I stayed awake all night because, well, I simply didn’t feel like sleeping. I knew I had to sleep, but I simply wasn’t interested in it.
Of course, I could have turned off the lights, gone to bed, pulled the covers up to my chin, lied my head on the pillow, cuddled with my teddy bear, and thought about all the things that the Ramones used to sing about, and soon I would have fallen fast asleep.

Anyway, in the morning I took my medicine and biotin supplement, put lotion on my skin, got dressed, and brushed my teeth.

I spent the morning watching video clips of Stephen King’s Carrie movies and musical.

Later that day, I went to parish and got a coupon for food. Then I went to the pharmacy and got a new batch of prescribed medicine, and then I went to the psychiatric center to have my anti- psychotic medicine prescription renewed; I could have renewed it online, but as it is a special permission prescription, it has to be renewed in paper form.
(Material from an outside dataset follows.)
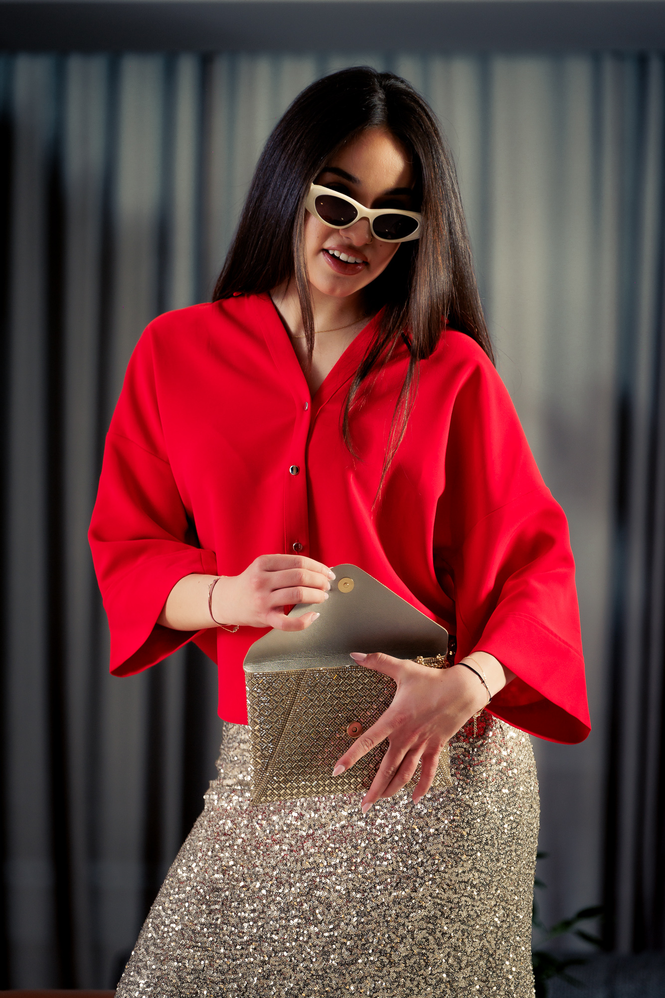 Baza svega su noviteti koje smo pronašli u trgovini s.Oliver, suknja koja super prati statement dnevna izdanja i naravno uklapa se u večernje kombinacije. Crvena košulja je odličan komad odjeće jer će lako pratiti brojna izdanja. Tenisice su iz nove kolekcije trgovine Mass kao i torbica koja je isto komad koji vrijedi imati. Naočale su bezvremenski klasik iz Ghetaldus Optike.

Then I went to the grocery shop and bought healthy food.

Once back home, I made cocoa and ate a little snack, and soon I started feeling sick and threw up.

I took a nap to sleep off all the sleep debt. When I woke up, I had a weird sort of pressure- like painful feeling in my head. I watched a bit of Keeping up Appearances, and then I took another nap.

I had missed the knitting group, but now I had enough spoons to go to the youth group at the church.

Once there, I ate plenty of treats; popcorn, licorice, cashew nuts, chili nuts, and drank lime- strawberry juice. I took part in the praying circle; we watched a YouTube video about a Finnish saint who died as a martyr, we sang hymns, discussed the importance of good deeds, hugged and blessed each other.

After the group, I took some discarded trolleys to the supermarket, and looked for Valentine’s day cards. I have already picked the design from the cards that have their postage fees paid by a charitable company.

I took my evening medicine and sprayed Nasonex into my nostrils and put cream on my face. I put on a fresh nightie and went to bed.

My nose ring smells weird. I kind of like it.

I have a weird pain in my upper arms, the same kind of pain you get after receiving a vaccination.

I have been thinking of my hair curled and dyed strawberry blonde this year.